Let $A$ be an arbitrary $n\times n$ matrix over $\mathbb{C}$ and define the linear transformation $T:F^{n\times n}\rightarrow F^{n\times n}\text{,}\quad T(B)=AB-BA$.
I want to prove that $\dim \operatorname{Im}(T)\leq n^{2}-n$
The rank nullity theorem gives $\dim\operatorname{Im}(T)=n^{2}-\dim \operatorname{Ker}(T)$, so this is equivalent to proving that $\dim \operatorname{Ker}(T)\geq n$, i.e. the subspace of matrices commuting with $A$ is at least $n$ dimensional.

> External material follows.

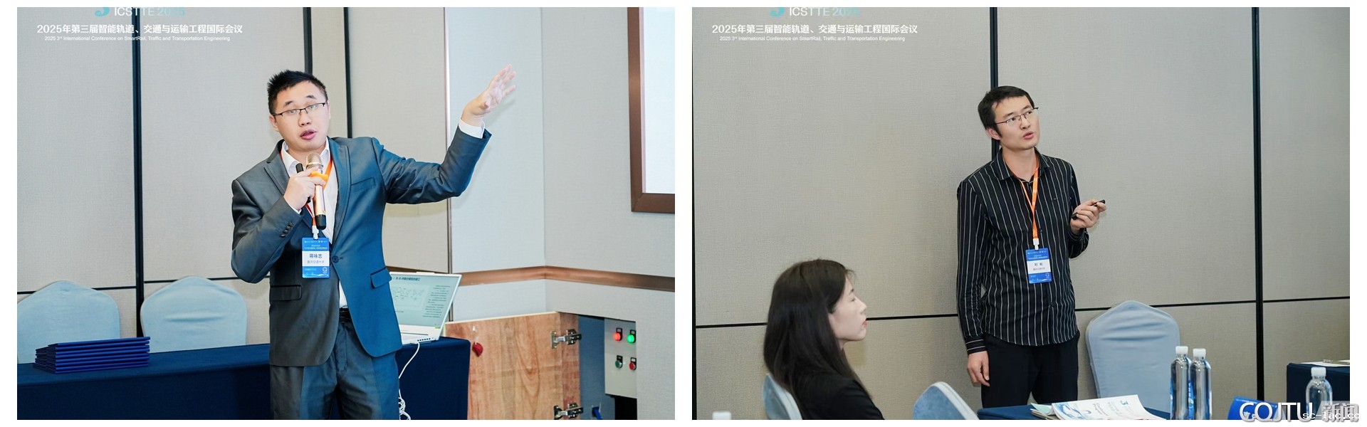 机电与车辆工程学院牵头组织“轨道交通车辆-轨道-桥梁系统结构设计、动力学、强度与控制关键技术”分会场,蒋咏志副教授作“Dynamic response and stability assessment of suspended monorail in cross wind curve condition” 特邀报告,深入解析跨风曲线工况下悬挂式单轨的动态响应与稳定性,为轨道交通安全运营提供关键技术参考,引发与会专家的热烈讨论。交通运输学院综合运输系统智能优化研究所副所长刘松博士后受邀在"新一代信息技术驱动的多式联运创新范式"分会场作“Optimization of Reliable Routes for Multimodal Transport of Emergency Supplies Under Dual Uncertainty”特邀报告,针对双重不确定性下应急物资多式联运可靠路径优化问题提出创新解决方案,为多式联运领域技术突破提供新思路。两位青年学者的汇报体现了我校以“交通+”为核心的学科交叉特色。

In the case that $A$ is diagonalizable, it isn't too hard to show that $n\leq \dim\operatorname{Ker}(T)\leq n^{2}$, the minimal case occuring for $A$ having $n$ distinct eigenvalues (in this caase the kernel is the subspace of diagonal matrices), and the maximal case provided by $A=I$.
It is the general/non diagonalisable case I'm not sure on, and any hints or pointers would be appreciated.
I'm not sure how relevant it is, but by noting that $T(A)=T(0)=0$, while $A\neq 0$ in general we see that $T$ is not injective, so $\det T(B)=0$.